You also need to check this please:
Click on Start> Settings> Control Panel> Folder Options> View tab> Check 'do not show hidden files and folders'> Check 'Hide protected operating system (Recommended) > then click on Apply> OK

I've given you the instructions to remove the cleaning tools and logs we used. If you have any of the program still on the computer, please uninstall the using Add/Remove in the Control Panel.

 

[Kaelkitty]

1/ Old Hosts file backups removed and replaced with MVPS Hosts

2/ HijackThis:

Then, if needed, individual entries can be checked for removal.
I know it was already on the system: that's why you just do the system scan only.

In post 40 you said

Please reopen Hijackthis to 'do system scan only.' Check each of the following, if present:
R0 - HKCU\Software\Microsoft\Internet Explorer\Main,Start Page = about:blank
O24 - Desktop Component 0: (no name) - https://toolbox.iprimus.com.au/images/PrimusLogo.gif

Close all Windows except HijackThis and click on "Fix All".

I did EXACTLY this and my desktop background disappeared! This is NOT a virus issue - I think it is one of those things I have to work on later with someone else, somewhere else, as I still have several theme issues which I fully understand are not your problem.

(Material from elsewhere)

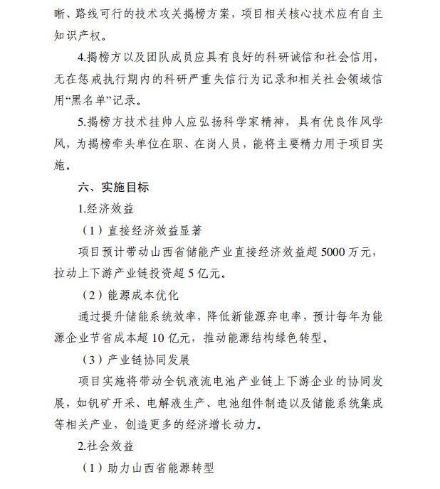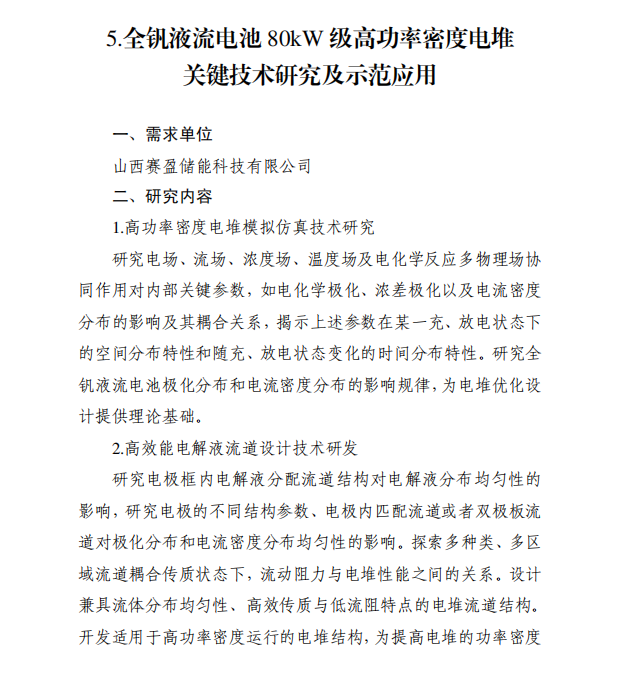 此前,7月16日,山西省科學(xué)技術(shù)廳曾發(fā)布《關(guān)于2025年度山西省科技重大專項計劃“揭榜掛帥”項目(第一批)張榜的通知》,此次張榜項目共14項。其中包含1個液流項目,全釩液流電池80kW級高功率密度電堆關(guān)鍵技術(shù)研究及示范應(yīng)用,需求單位為山西賽盈儲能科技有限公司。

I just mentioned it because the original anti virus instructions say you should mention anything unusual which happens.

3/ Combofix is ALREADY uninstalled - you told me to do so in post 40 and I followed your instructions exactly viz .

# Uninstall ComboFix and all Backups of the files it deleted
# Click START> then RUN
# Now type Combofix /Uninstall in the runbox and click OK. Note the space between the X and the U, it needs to be there.

4/ I have no option called "> Display> Desktop tab> Customize>" in my control panel - see:

Image not showing up? url is https://www.techspot.com/gallery/member-galleries/p4086-my-control-panel.htm
Link not working? text of url is: "techspot.com/gallery/member-galleries/p4086-my-control-panel" you'll have to cut and paste the url back together to to see it I guess. I don't know WHAT I have done wrong here - other people have images in their posts, so it must be do-able! I hope you can see the image somehow. You will have to forgive the colours in the screenshot, I know they are offensive to others but this is the range in which my appalling eyesight works the best.

5/ I normally have "Do not show hidden files and folders" Checked but it is currently unchecked while I am working on my system updating project. I will change it back when I am done. 'Hide protected operating system (Recommended)" is already checked.

I'm off to double check I have uninstalled everything else. I'll be back later,
Ciao, KK.

 

[Bobbye]

This is my last post:

The reason I told you to go hide the files is because the desktop.ini icon is on your desktop. They 'should/need to be' hidden at all time except when you are intentionally trying to find a hidden file. This protect you from accidentally removing a system file. Leave open at your own risk. Did it occur to you that things like this might be part of the problems you're having?

Please choose whatever background you want on your desktop. Yes, I removed is due to the 024 entry in the HJT log. That's how it's suppose to be handled.